— Понятно.
— Да что тебе может быть понятно‑то?! — Дэн вспылил, еле удержался, чтобы не завопить. Как ему, счастливо и много лет женатому, довольному семьей и детьми, может быть что‑то ясно? Когда впору идти и посыпать голову пеплом, настойчиво и многократно?
— Что ты — придурок, Дэн. Ведешь себя, как маленький. С молодой девчухой не мог управиться. Эх, ты…
— Все, Палыч. Заканчивай. До связи. — Но трубку бросать не спешил.
— Ага. Съехал, подлец, с темы. Давай, держи в курсе ваших расследований. И обойдись без членовредительства, я настаиваю.
— Окей.
Вера помнила свой отъезд, будто в тумане. Не отложилось в памяти ни расставание с Таисией Павловной, ни дорога на вокзал, ни долгое ожидание отстающего от графика поезда. Разговор с Дэном остался, но какими‑то обрывками: его слова о прощении, о том, что приедет скоро, о чем‑то еще… Потом она долго сомневалась: что было на самом деле, а что она уже досочиняла. Ведь не раз представляла себе эту встречу — и до неё, и после. Представляла и надеялась, что не будет её. Слишком страшно было смотреть ему в глаза после… предательства? Слабости? Безрассудства? Она толком не знала, как свое возвращение к Мише назвать.
И было ли это возвращением, или прощальным аккордом в их песне — тоже не знала. Михаил вел себя, как ни в чем не бывало, окружал вниманием и заботой, так необходимыми ей сейчас, кормил с ложечки, на руках носил, практически, ни в чем и никогда не упрекая… И в поезде, всю дорогу, не оставлял её больше, чем на десять — пятнадцать минут.

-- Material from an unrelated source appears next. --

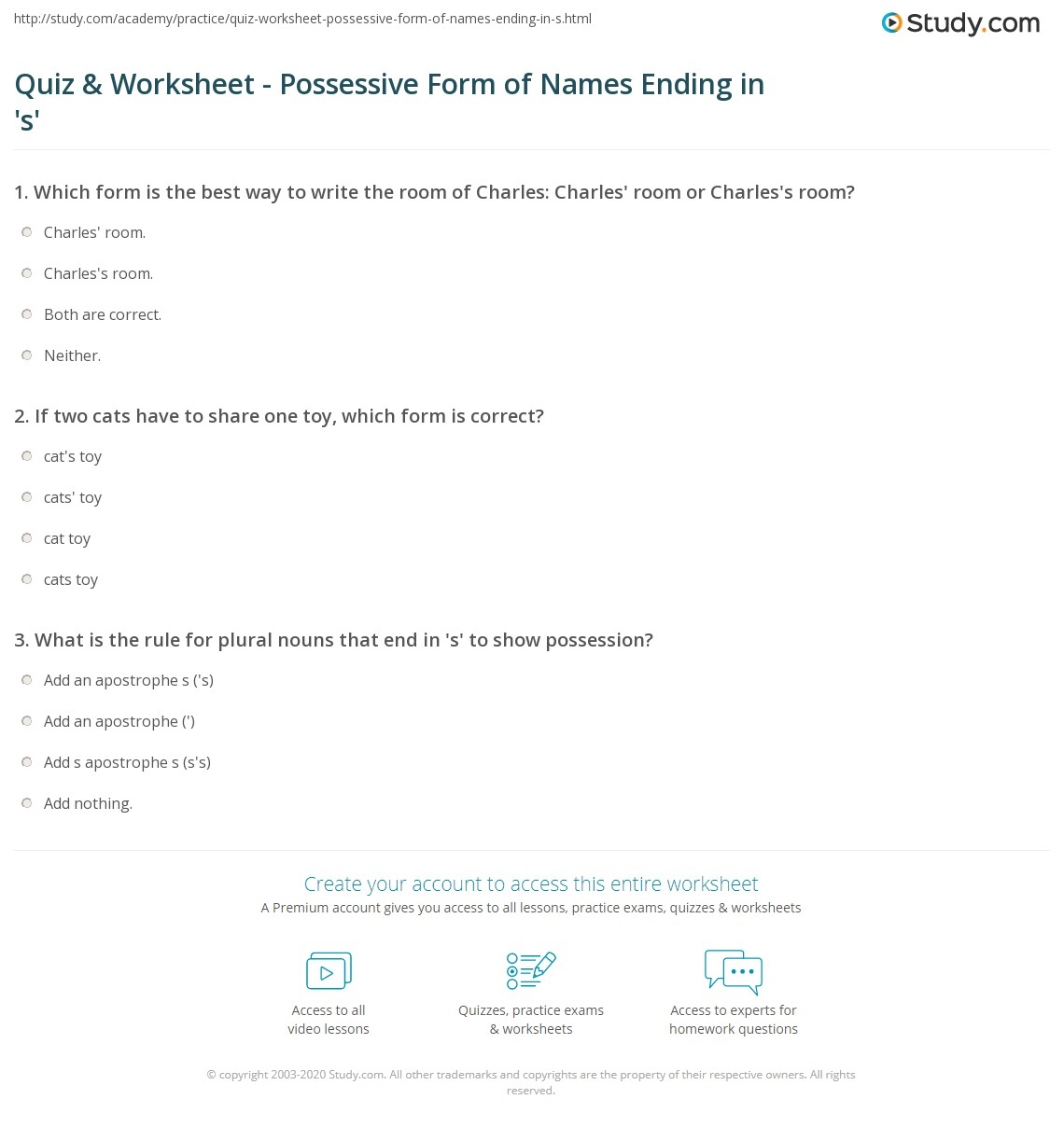 Quiz Worksheet Possessive Form Of Names Ending In s Study

Во всяком случае, каждый раз, вырываясь из тяжкого, мутного сна, Вера встречала его внимательный, встревоженный взгляд.
Лишь одна четкая мысль преследовала на всем пути: с каждым перестуком колес, Денис оставался все дальше. И дальше, и дальше… Превращаясь в горьковато — сладкое воспоминание. Которое, тем не менее, никак не стиралось.
И эти нервные метания, будто маятник раскачивался между полюсами, больше всего вынимали душу: поверить, простить, ждать и надеяться, или простить и навсегда забыть?
Не давали покоя темные глаза, которые снились и мерещились, то с упреком, то с надеждой, то с обидой, то с мольбой о прощении и любовью. И память о том, как напоследок его руки касались её пальцев.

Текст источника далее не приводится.